Article
Development of a survival prediction model – a case study
Search Medline for
Authors
| Published: | September 15, 2023 |
|---|
Outline
Text
Introduction: When developing a prediction model, it is crucial to choose methods carefully. This is particularly important for survival endpoints, as the standard practice in regression analysis of predicting the mean of a distribution may not be suitable. To guide the process, the TRIPOD statement outlines a framework for specifying and reporting various aspects, including outcome, predictors, missing data, model specification, and validation [1].
Methods: We discuss advantages and disadvantages of different ways to handle each aspect and we present the choices we made for developing and validating a prediction model for kidney survival of patients with the Autosomal Recessive Polycystic Kidney Disease. Patient data was collected within an observational registry study [2]. The selection of the discussed methods is based on personal experience and unsystematic literature searches.

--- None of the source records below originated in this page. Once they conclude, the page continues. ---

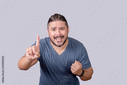 A man begs for just one last time. Raising his index finger to illustrate his intention. Passionately pleading seemingly in desperation.
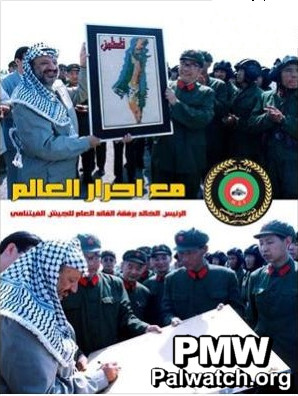 This post shows a photo of Yasser Arafat inside a map and the text: "On your path the revolutionaries walk"
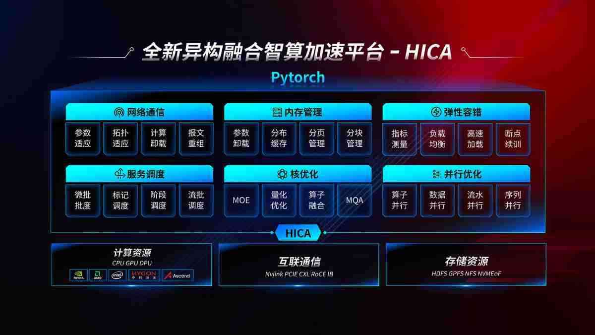 通过自研的服务层、、、中间适配层、、、、以及调度编排算法,,采用数据并行、、、、模型并行等多种并行方式,,把并行计算任务进行有效的分解,,,,使其分别由相应的软件栈和算力资源来承接。。。。当GPU资源变化,,HICA可以实时动态调度计算子任务并调整模型拓扑和架构,,以充分聚合各种算力资源。。
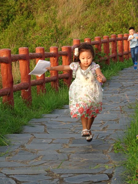 虎山輕鬆易行,有小朋友在路上奔跑比賽。

Results: In terms of predicting patient outcomes, several options exist, including a relative risk score, a complete survival distribution, or something in between. The choice between these options is dependent on the prediction objective. Additionally, choosing the right model is not straight forward, as the widely used Cox model is easy to apply in practice, but machine learning approaches, such as random survival forests [3], may provide more accurate predictions due to their adaptability. When a small set of predictors is desired, variable selection techniques are necessary. Here, the performance of different predictor sets has to be estimated in an unbiased way, e.g. by cross validation. Selecting an appropriate metric to evaluate model performance is also crucial and must align with the prediction objective. For example, concordance can be used as metric if the objective is to predict the order of events correctly [4]. Technical issues, such as pooling Kaplan-Meier curves, are essential to consider when handling missing values using multiple imputation [5]. When splitting a dataset into development and validation sets, it is important to ensure both groups are representative, which can be accomplished by stratified splitting. If strata are too small to split, we recommend splitting by minimization. Model validation should be prespecified and can occur within the development process via cross-validation or on a separate validation dataset. The latter option provides the possibility to make data driven choices during the development, without introducing bias in the validation process.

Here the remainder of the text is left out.